By
Polly Pallister-Wilkins
The
last decade has seen an increase in the process of wall and fence
building that seems somewhat incongruous in an era of apparent
unprecedented globalisation and human movement. Britain got over its
penchant for building walls as a policy solution to the sectarianism
of Northern Ireland and the subsequent peace process was hailed as a
triumph of liberal inclusion, even if the walls themselves remained.

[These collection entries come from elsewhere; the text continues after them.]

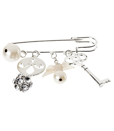 ♥ ♥ H@M เข็มกลัดเงินห้อยกุญแจ ลูกตุ้มคริสตัล โบชมพูและไข่มุก
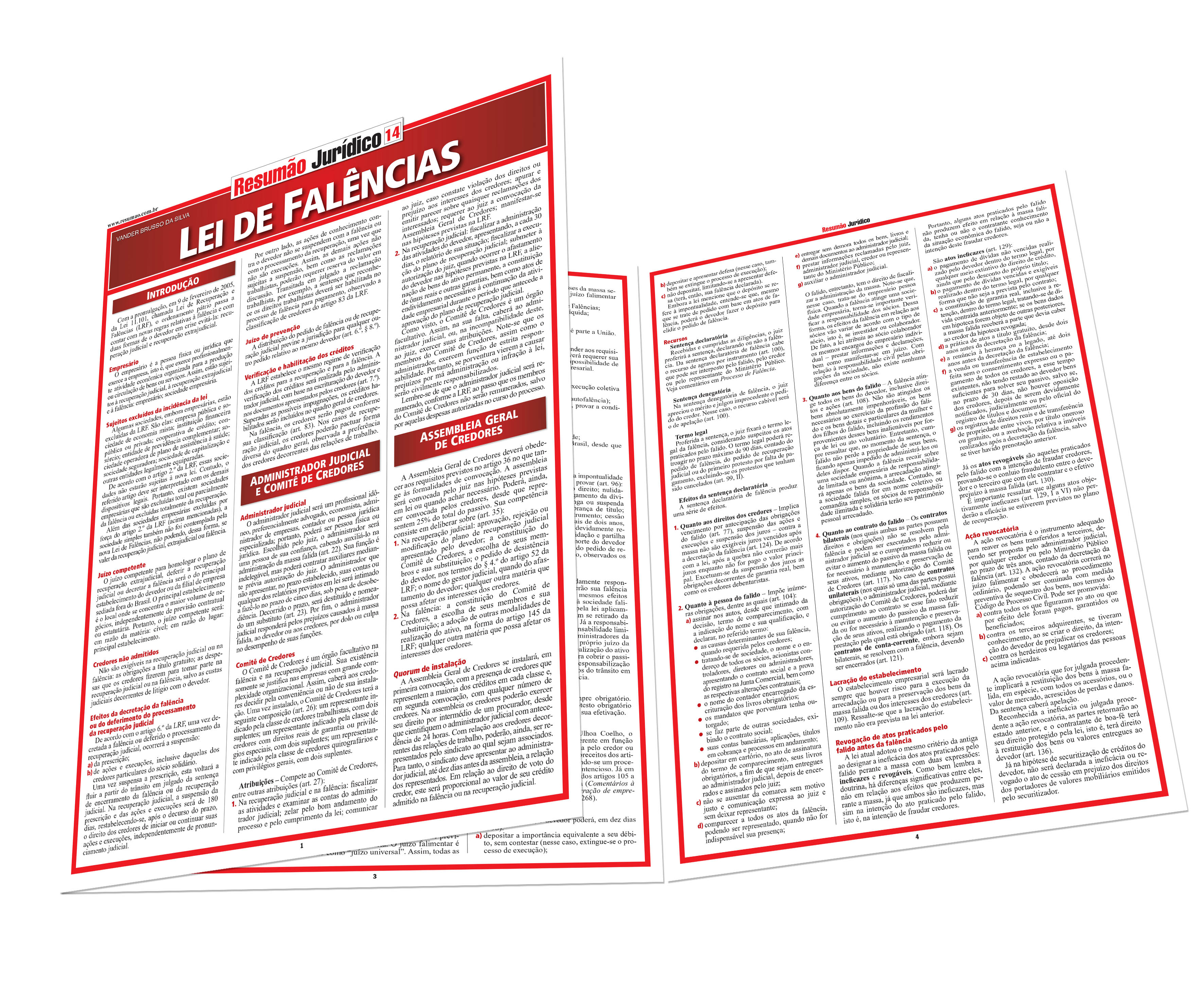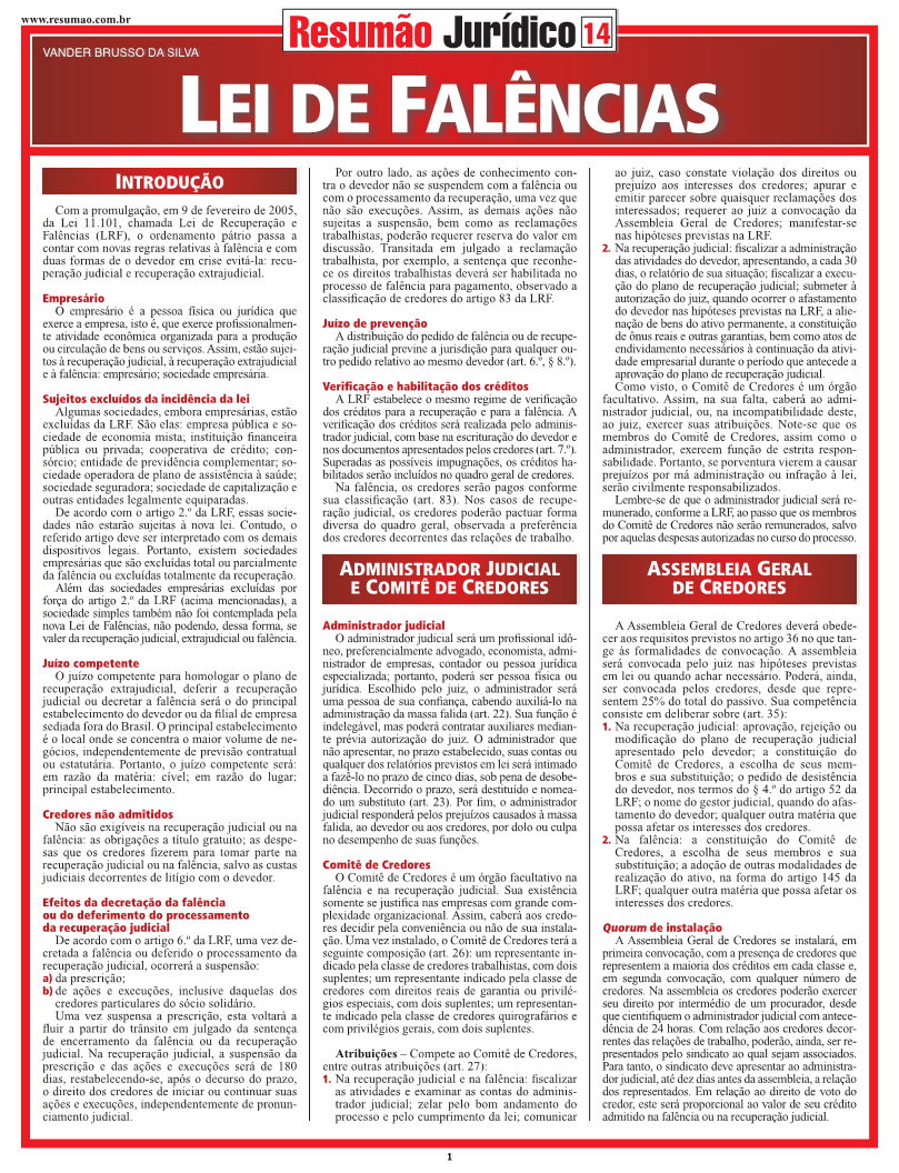 As regras relativas à falência (Lei 11.101/05), que criou a recuperação judicial e a recuperação extrajudicial. Administrador judicial e comitê de credores. Assembleia geral de credores. Recuperação judicial: requisitos, fases do processo, plano de recuperação judicial. A recuperação judicial para microempresas e empresas de pequeno porte. Convolação da recuperação judicial em falência. Falência: sujeitos da falência, rito falimentar, ação revocatória, encerramento da falência. Recuperação extrajudicial. O processo de falência: do juízo competente à extinção do processo e reabilitação do falido.
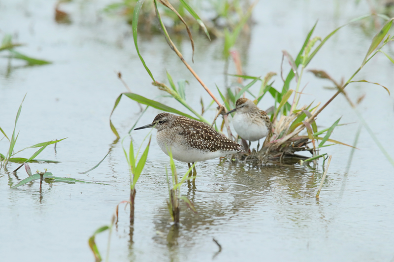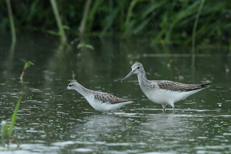 ![]() コアオアシシギ 幼鳥 (左) と アオアシシギ 幼鳥 2021年9月4日 長野県 安曇野市 |
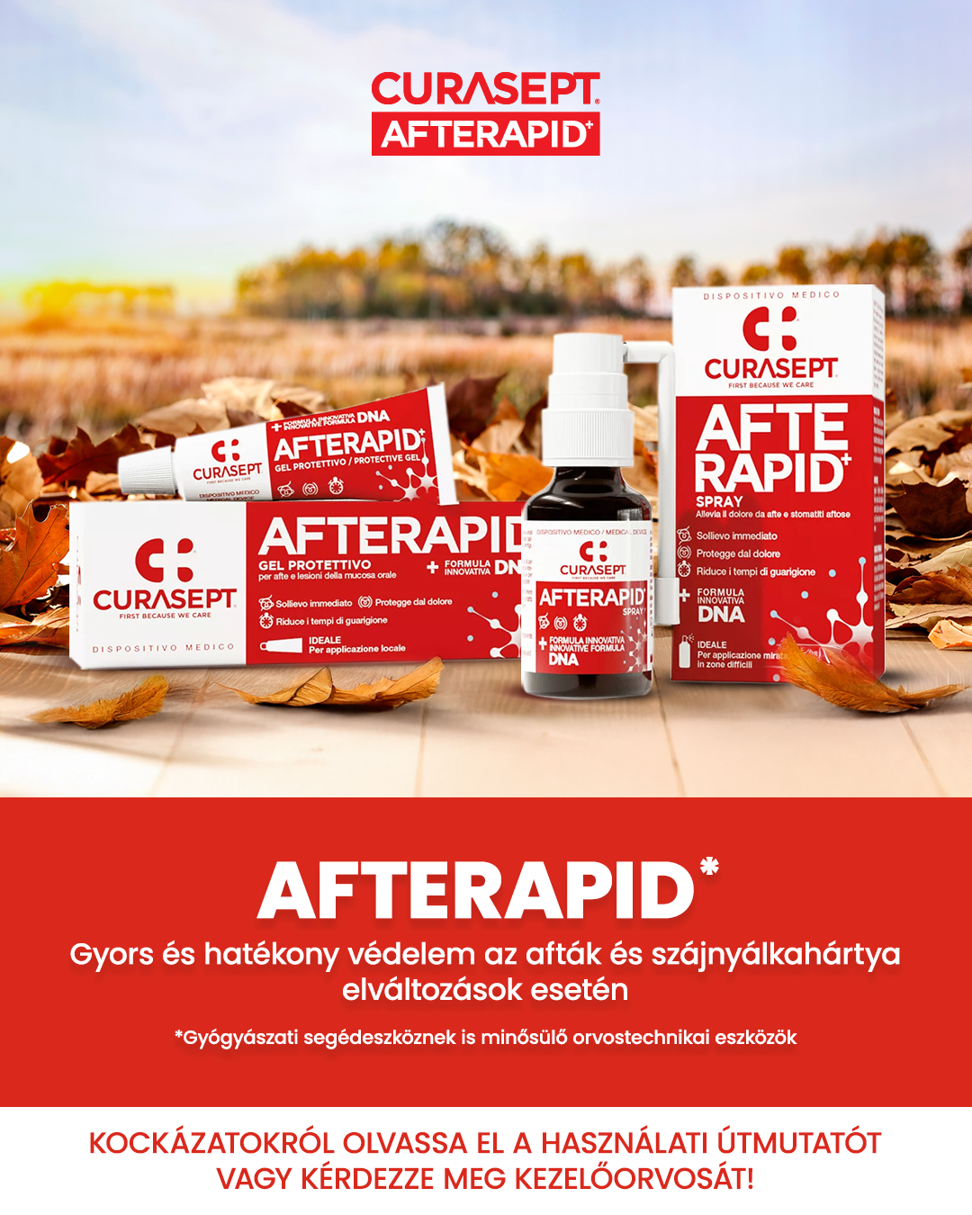 Az őszi immunterhelés idején az afta gyakrabban alakulhat ki, de nem kell, hogy hosszú napokra megkeserítse az életed. A Curasept Afterapid* gyorsan csökkenti a fájdalmat, támogatja a gyógyulást és megbízható segítséget nyújt a nyálkahártya védelmében. Így az őszi kihívásokkal is könnyebb mosolyogva szembenézni!
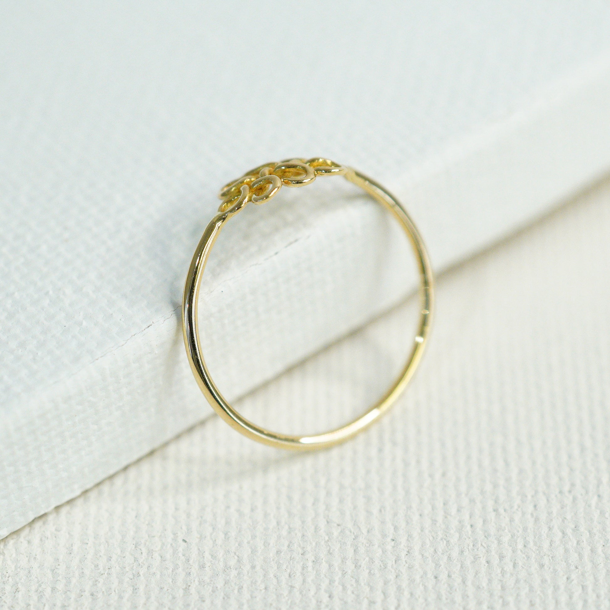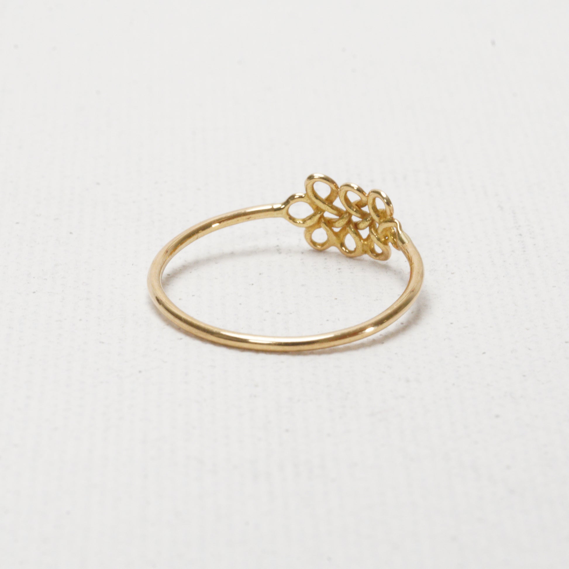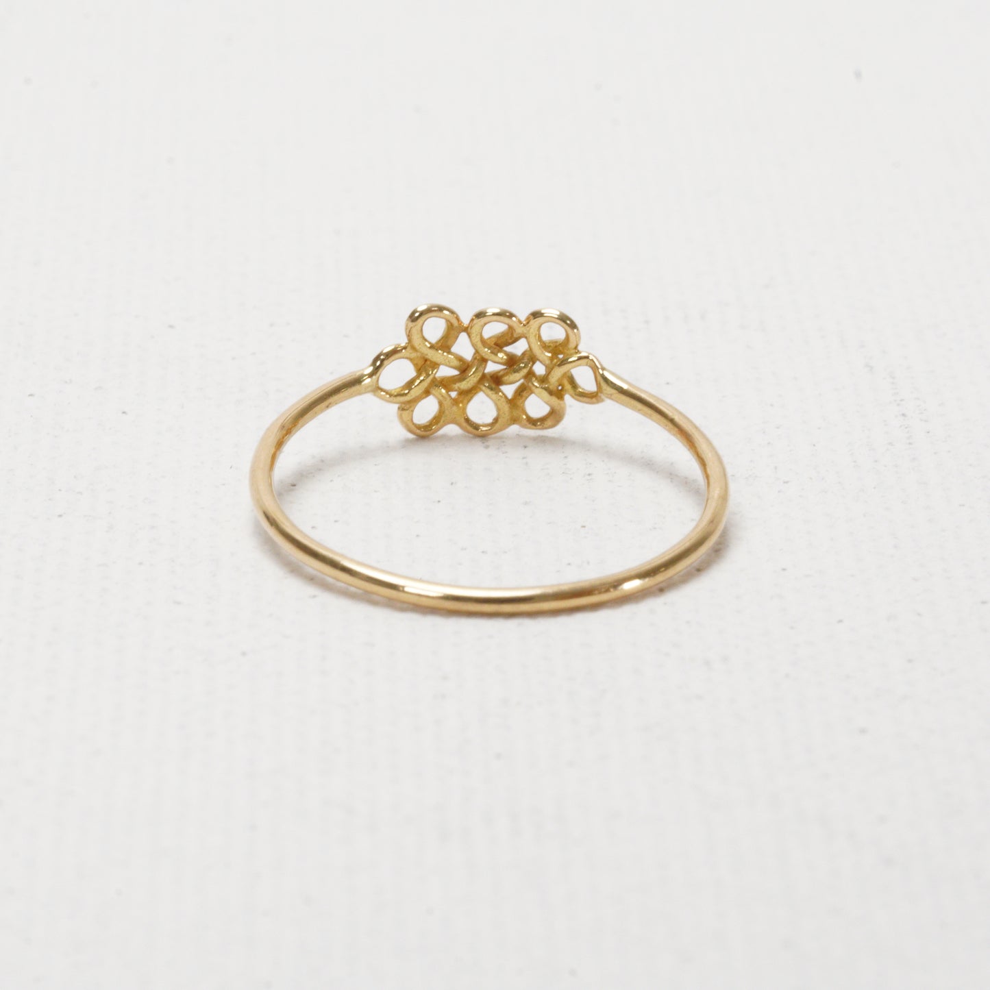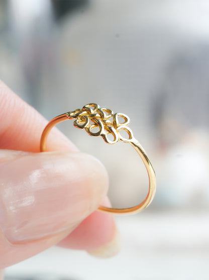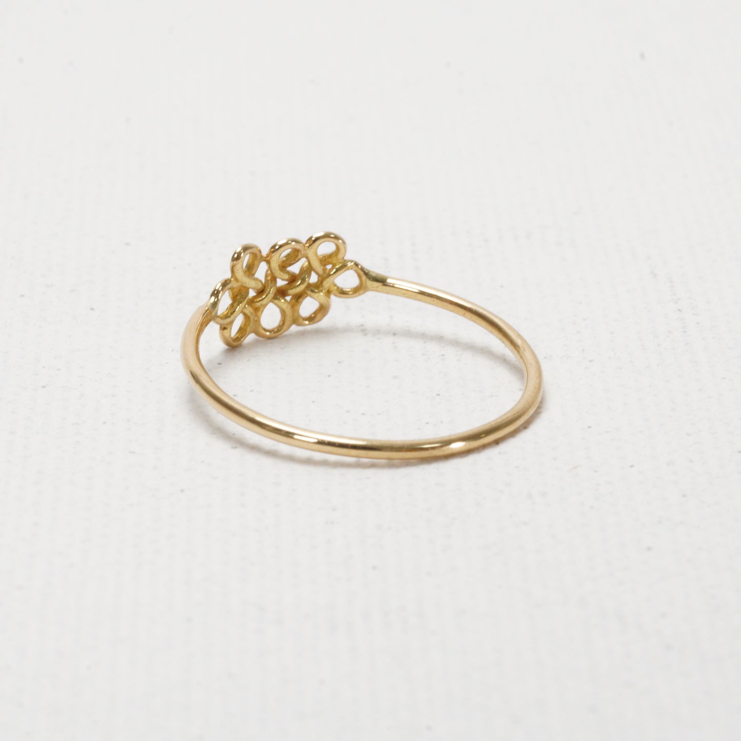 エンドレスノットをモチーフにした、ゴールドのリング。

The same cannot be said for elsewhere however. Recent moves by Greece
to fence off part of its border with Turkey, Israel's continued use
of fence building, India's Bangladesh border fence and Spain's
re-fortifying of its exclaves, Ceuta and Melilla are just a few
examples of a process of walling that is seen as a logical policy
response to a range of diverse threats.
Cities
and states have historically sought to protect themselves through the
construction of walls and fences. From the moats and drawbridges of
old to the modern day high-tech motion sensor fences of today this is
a process as old as human settlement itself. But as a policy response
to a host of divergent problems – terrorism, nationalist movements,
environmental degradation, refugees, migrants, organised crime and
smuggling – it is somewhat lacking in imagination. If only because
the policy of walling seems to be one that requires ever more fences
to respond to problems caused by those that went before.
Here
the example of Israel is insightful. No stranger to fence building
and most famous for its system of walls and fences snaking through
the Occupied West Bank and East Jerusalem, Israel in recent months
has turned once again to walling as a policy solution to what it sees
as the threat posed by southern migration from Africa. In November
2011 the Israeli government announced a plan to fence the border
between itself and Egypt. Now it seems this fence is not enough.
Human
ingenuity for technological solutions to social problems is matched
only by human ingenuity in finding ways quite literally around such
technological solutions. In an example of this, the Israeli
government – having realised that migrant routes, being fluid and
reactive are liable to change, heading across the Red Sea and into
Israel via Jordan – announced earlier this week that it is now
planning to fence its border with Jordan also. This would have the
result of Israel entirely fencing itself in from a host of threats.
But
why? In the same week when Turkey's Foreign Minister on a visit to
Brussels reacted with sadness at Greece's fence building project in
Evros, saying that it was an act of division between the EU and the
outside world. Echoing the carefully honed liberal rhetoric of the EU
itself Egemen Bagis said Europe needed to talk of bridges not walls.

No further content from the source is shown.